The Growing Number of Satellites in Orbit Could Soon Make Telescopes Obsolete

The Growing Number of Satellites in Orbit Could Soon Make Telescopes Obsolete

Featured image: Satellite streaks crossing a deep-field astronomical image; credit: NOIRLab/NSF/AURA

The number of satellites in Earth orbit could soon reach a threshold where ground-based astronomy becomes impossible, according to a peer-reviewed study from the European Southern Observatory published in Astronomy & Astrophysics. If the total satellite population exceeds 100,000, every astronomical image taken from the planet’s surface would be corrupted by artificial streaks and light pollution.
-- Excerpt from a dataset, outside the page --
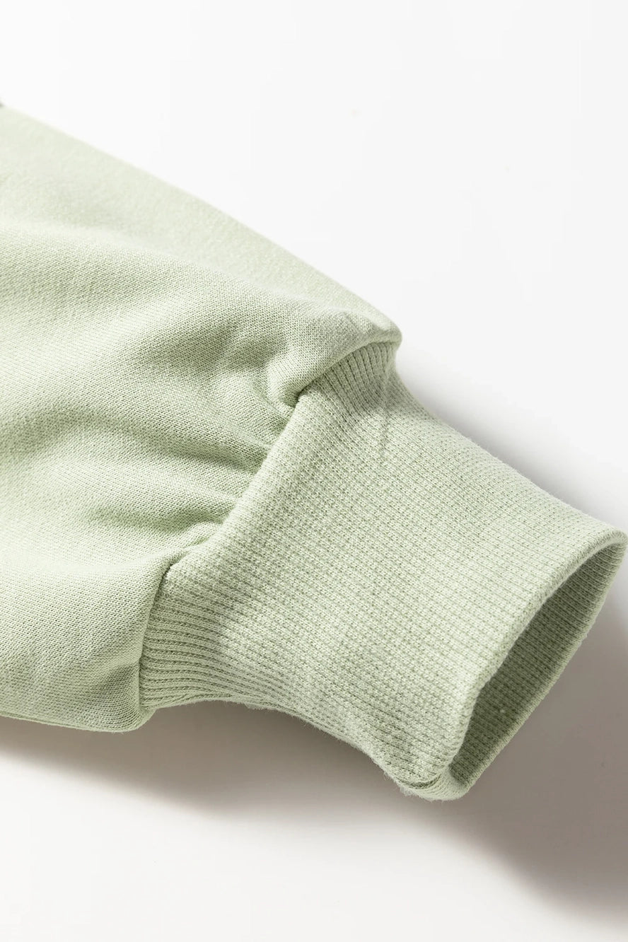 Sage green multimedia French Terry top. Round neckline. Sleeves feature floral and plaid fabric, raw edges and banded cuff. Relaxed fit. Can order true size. 65%Polyester+35%Cotton

Currently, approximately 14,000 satellites orbit Earth. But several pending applications could drive that number far higher. Reflect Orbital has proposed a constellation of 50,000 bright orbital mirrors, each 18 by 18 metres (59 by 59 feet), designed to reflect sunlight for commercial illumination. The company’s satellites would appear brighter in telescope beams than the full moon and brighter than Venus to the naked eye. Separately, SpaceX has filed plans for orbital data centres with solar panels up to 70 metres (230 feet) across, potentially involving up to 1 million satellite structures.
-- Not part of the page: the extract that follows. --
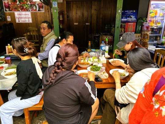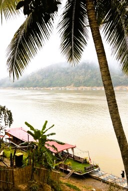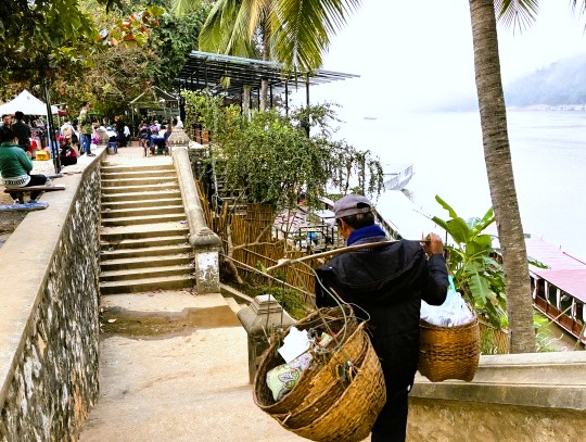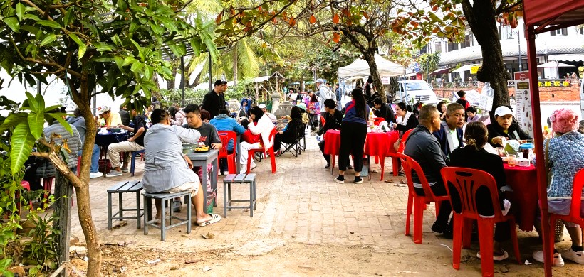 | メコン川の河岸には外で朝食を楽しむ人が数多くいました。 |

“We can reach conditions where basically, there is no point in operating the telescopes anymore because all the data will be corrupted. All. 100 percent,” said Olivier Hainaut, ESO astronomer and lead author of the study.
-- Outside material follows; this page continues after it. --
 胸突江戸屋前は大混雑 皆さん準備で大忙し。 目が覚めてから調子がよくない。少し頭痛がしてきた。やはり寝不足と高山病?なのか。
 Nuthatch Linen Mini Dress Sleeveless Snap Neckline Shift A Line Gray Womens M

ESO and hundreds of scientific organisations have filed formal objections to both proposals. The study simulated varying numbers and brightness levels of satellites on observations from ESO’s Very Large Telescope in Chile’s Atacama Desert, one of the darkest and most remote observing sites on Earth. Even at that location, a sky brightening of just 10 percent increases exposure times by 10 percent. At the levels proposed by Reflect Orbital, sky brightness above the telescope could increase by up to 300 percent.

Robert Massey of the Royal Astronomical Society called the situation “catastrophic” for astronomy and warned of broader societal consequences. “The public has not signed up for having an entirely transformed sky,” he said. “If it’s agreed by the FCC, this will be deeply regrettable. This will say that we are in a world where large corporations can determine the view of the sky above our heads.”

The regulatory landscape offers little recourse. The 1967 Outer Space Treaty requires space to be used “for the common good of humankind,” but was written before the era of private commercial megaconstellations. The U.S. Federal Communications Commission does not currently require environmental impact statements for satellite licensing applications. A recent reduction in regulatory burden under the Trump administration has further streamlined approvals for large constellation operators.

To preserve ground-based astronomy, Hainaut’s modelling finds that satellites must be fainter than magnitude 7, significantly dimmer than most current and proposed designs. Without such constraints, astronomers warn that the coming decade could mark the end of humanity’s ability to study the universe from Earth’s surface.